The majority (56%) of CISOs surveyed said they didn’t monitor social media at all or only manually checked key social media platforms like Facebook, Twitter and LinkedIn on occasion for impersonation or phishing attacks. Further, a third of CISOs don’t monitor their CEO or other executives on social media platforms and only 12% confirmed that they take a broad approach to social media protection by collecting reports on suspicious Facebook pages or regularly monitoring Facebook ads, users, pages and groups.
The results for website phishing protection weren’t much better. About a third of CISOs responded that they monitor their domain registrations for fraudulent activities on a regular basis and roughly the same percentage of CISOs monitor content changes on domains they’ve registered in the past without checking record changes as well.
When considered in the context of skyrocketing phishing attacks, the implication of the survey results is clear. CISOs need to better prepare to defend their organization from impersonators in 2022 by creating defenses that stop phishing attacks wherever they occur.
Many of the techniques employed by CISOs in the coming year will be tried and true. Educating employees, running frequent security audits and using multi-factor authentication are a must. But CISOs must also commit to increasing their awareness of the threat landscape by proactively monitoring for phishing attacks.
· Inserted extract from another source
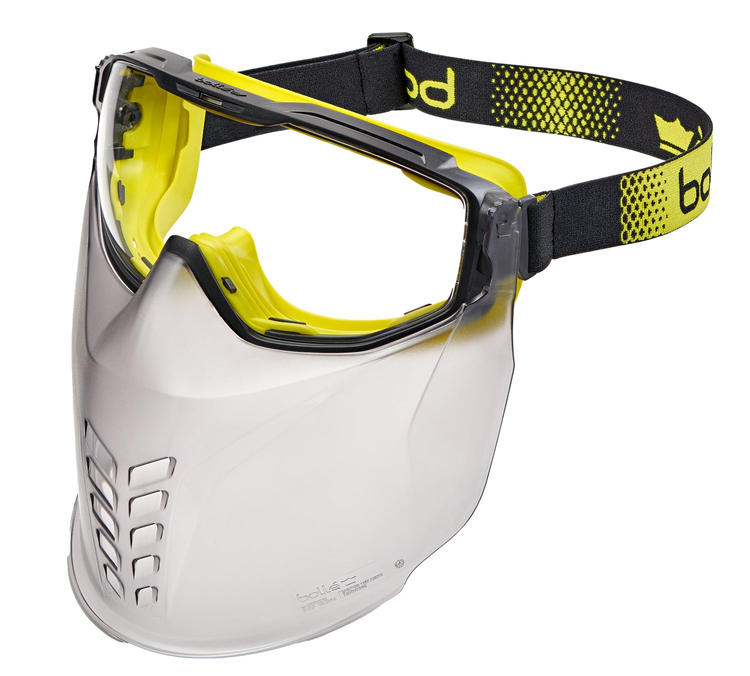 欧州安全規格「EN166/170」認証を取得した高性能ゴーグルとフェイスガードのセットです。独自技術「ウェーブテクノロジー」採用のガスケットが着用者の顔の形状に合わせて圧力を均等分散させるため、長時間でも快適な装着が可能です。

The speed and scale of modern social media and website phishing make them difficult to defend with manual methods. A single person can’t possibly search through millions of social media posts, links and websites for fraudulent activity on their own. This is where automated, intelligent tools have a lot to offer CISOs. AI-driven software can constantly monitor social media and websites for malicious links, fake profiles, fraudulent branding, and other precursors of phishing attacks. With real time alerts from automated sentries, CISOs can take fast action to neutralize threats before they become a problem for their organization.
AI-driven brand protection provides a way to futureproof an organization’s security as attacks increase and eclipse the ability for humans to fight back. What’s your next step in the fight against cyberattacks?